3.2 Compile action client
In the previous section, we put the action client code in place. In order for it to compile and run, we need to do a few extra things.
First we need to set up CMakeLists.txt in order to compile the action client. Open action_tutorials_cpp/CMakeLists.txt
and add the following after calls find_package
:
add_library(action_client SHARED src/fibonacci_action_client.cpp) target_include_directories(action_client PRIVATE $<BUILD_INTERFACE:${CMAKE_CURRENT_SOURCE_DIR}/include> $<INSTALL_INTERFACE:include>) target_compile_definitions(action_client PRIVATE "ACTION_TUTORIALS_CPP_BUILDING_DLL") ament_target_dependencies(action_client "action_tutorials_interfaces" "rclcpp" "rclcpp_action" "rclcpp_components") rclcpp_components_register_node(action_client PLUGIN "action_tutorials_cpp::FibonacciActionClient" EXECUTABLE fibonacci_action_client) install(TARGETS action_client ARCHIVE DESTINATION lib LIBRARY DESTINATION lib RUNTIME DESTINATION bin)

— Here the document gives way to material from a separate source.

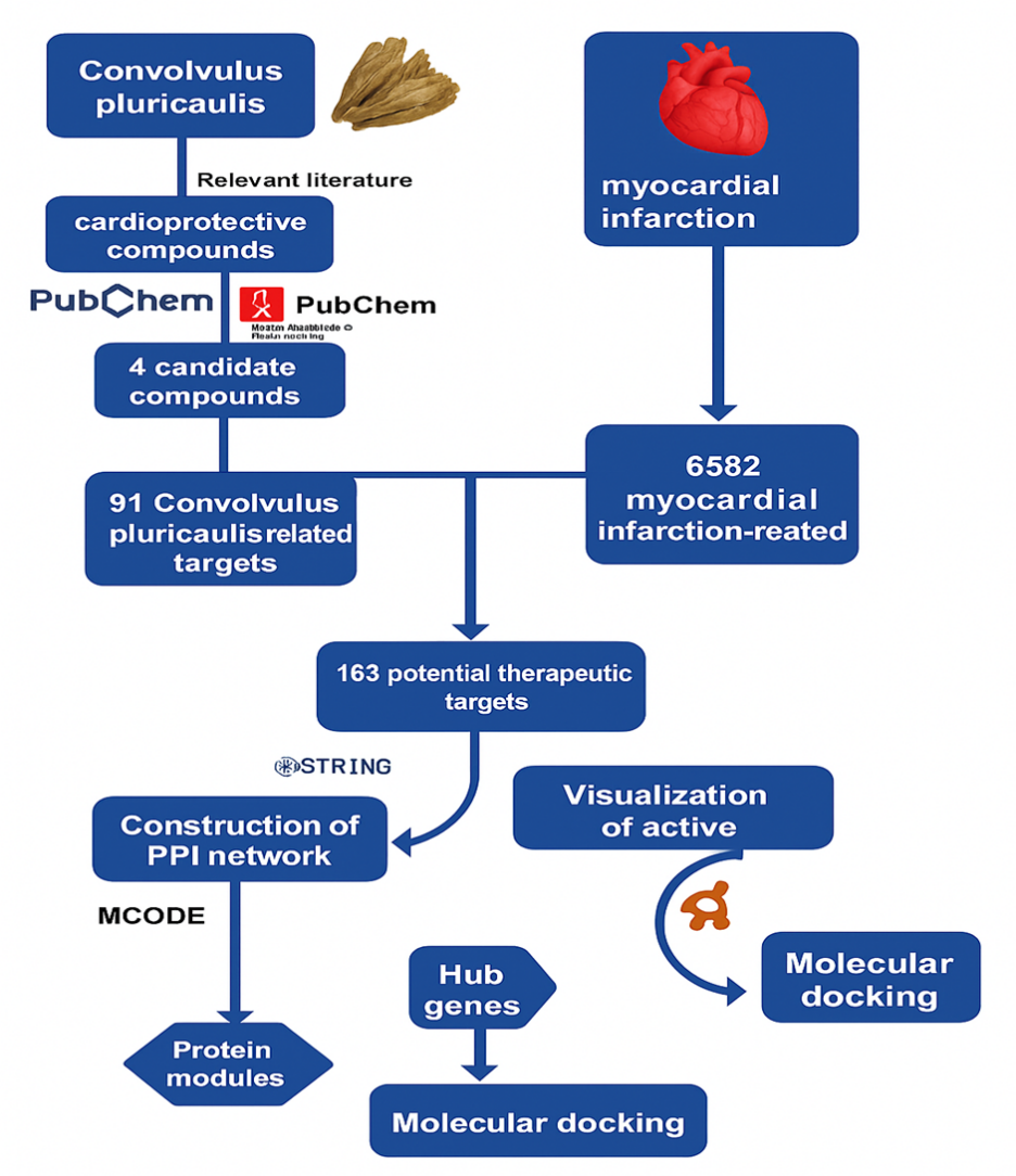 The integration of network pharmacology, target prediction, pathway enrichment, and molecular docking has revealed a compelling pharmacological rationale for the use of Convolvulus pluricaulis in myocardial infarction. The multi-target, multi-pathway modulation achieved by kaempferol and other phytochemicals aligns with the complex pathophysiology of MI, offering advantages over conventional mono-target drugs. Future steps should involve invitro validation, invivo animal modeling, and ultimately clinical trials to confirm efficacy, optimize formulation, and determine safe dosage ranges. Moreover, the same framework can be extended to investigate other traditionally used medicinal plants for cardiovascular disorders.

Now we can compile the package. Go to the top level of action_ws
, and run:
colcon build
This should compile the entire workspace, including fibonacci_action_client
packages action_tutorials_cpp
.
3.3 Run action client
Now that we have built the action client, we can run it. First make sure the action server is running in a separate terminal. Now get the workspace we just built ( action_ws
) and try running the action client:
ros2 run action_tutorials_cpp fibonacci_action_client
You should see a logging message that the goal was accepted, feedback being printed, and the final result.
generalize
In this tutorial, you put together a C++ action server and action client line-by-line and configured them to exchange goals, feedback, and results.